ホルムズ海峡危機で東南アジアに広がる“在宅勤務や節電”、石油製品「供給不足顕在化」は日本も対岸の火事ではない中東のエネルギー危機や円安により燃料価格が過去最高値を更新したことを受け、3月中旬に政府が補助金を導入したにもかかわらず、日本のガソリン価格は依然として高止まりしている Photo:NurPhoto/gettyimages

備蓄少なく燃料や原料の調達難
「不可抗力条項」宣言、供給停止の企業相次ぐ

 東南アジアでは、中東情勢の悪化による経済への影響がいち早く顕在化してきた。

 ホルムズ海峡封鎖による原油価格などの高騰と通貨安に加え、原油などの備蓄が少なく、燃料や原材料の調達難から、企業活動にも支障が生じている。

 石油化学業を中心に、不可抗力条項(フォースマジュール条項、非常事態を理由とする販売先への供給義務の免除)を宣言する企業が相次ぎ、LPG、エチレン、プロピレン、ポリエチレンといった幅広い基礎化学品の供給に支障が生じている。

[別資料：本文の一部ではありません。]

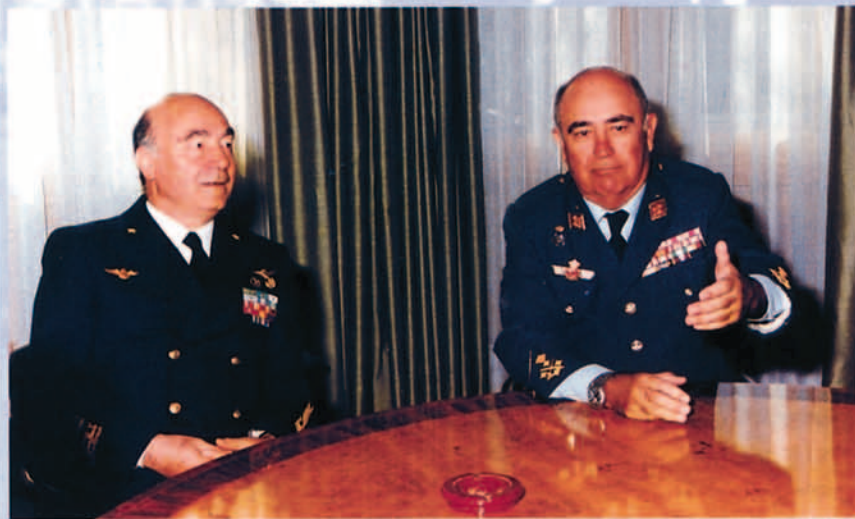
El general del Aire Valderas recibió al nuevo presidente del Comité Militar, almirante Venturoni, con ocasión de su visita oficial a España.

Las posibles dudas que pudiesen existir en el pasado sobre la capacidad de actuar de la OTAN, han quedado disipadas tras las últimas operaciones en los Balcanes. Durante los años de la Guerra Fría, la maquinaria militar de la Alianza se encontraba en un alto estado de disponibilidad y alistamiento, pero salvo en ejercicios más o menos complejos, esa disponibilidad no tuvo que ser contrastada en una operación real. Desde siempre la base de toda la doctrina militar de la Alianza ha sido la disuasión. Para contrarrestar una agresión que no se detuviese ante el potencial aliado se contemplaban como principios de la doctrina aliada: la defensiva a ultranza, la respuesta flexible, la defensa adelantada, el refuerzo rápido de Europa y la participación solidaria en riesgos, cargas y responsabilidades. Aunque algunos de estos principios siguen estando vigentes, la compleja y cambiante realidad estratégica ha obligado a la OTAN a enunciar dos conceptos estratégicos sólo separados por nueve años: el de Roma en 1991 y el de Washington en 1999. La campaña de Kosovo ha demostrado la capacidad de la Alianza para enfrentarse a situaciones complejas y su determinación para actuar cuando se considera necesario. En años anteriores ya se había usado decisión y coraje en los Balcanes, pero ha sido la actuación en Kosovo la que ha dejado claro que, cuando se alcanza el consenso, existe

航空業では、燃料不足による減便といった動きが広がっている。

 各国政府は、家計や企業の負担軽減策や、イランからホルムズ海峡通行の許可取得や、制裁が解除されたロシア産原油の購入検討などの供給回復策のほか、在宅勤務の導入や政府機関の週4日勤務、企業や家計への節電・節油要請など、需要抑制策に幅広く取り組んでいる。

 一方で、不要不急の需要を維持することにもなる燃料油補助金などは縮小し、電気自動車(EV)や太陽光発電設備導入への支援を手厚くするなど、化石燃料などからの需要のシフトを狙った政策が意識されている。

 原油備蓄があることなどから、ガソリンの補助金や供給先の多様化が対策のメインになっている日本だが、エネルギーの中東依存度は東南アジア諸国よりも高い。

 米国とイランの和平協議はなお再開のめどが立っておらず、ホルムズ海峡の開放までには、かなりの時間がかかる可能性が強まる状況だ。

「需要抑制」策の準備や需要シフトを念頭に置いた対応を検討する必要がある。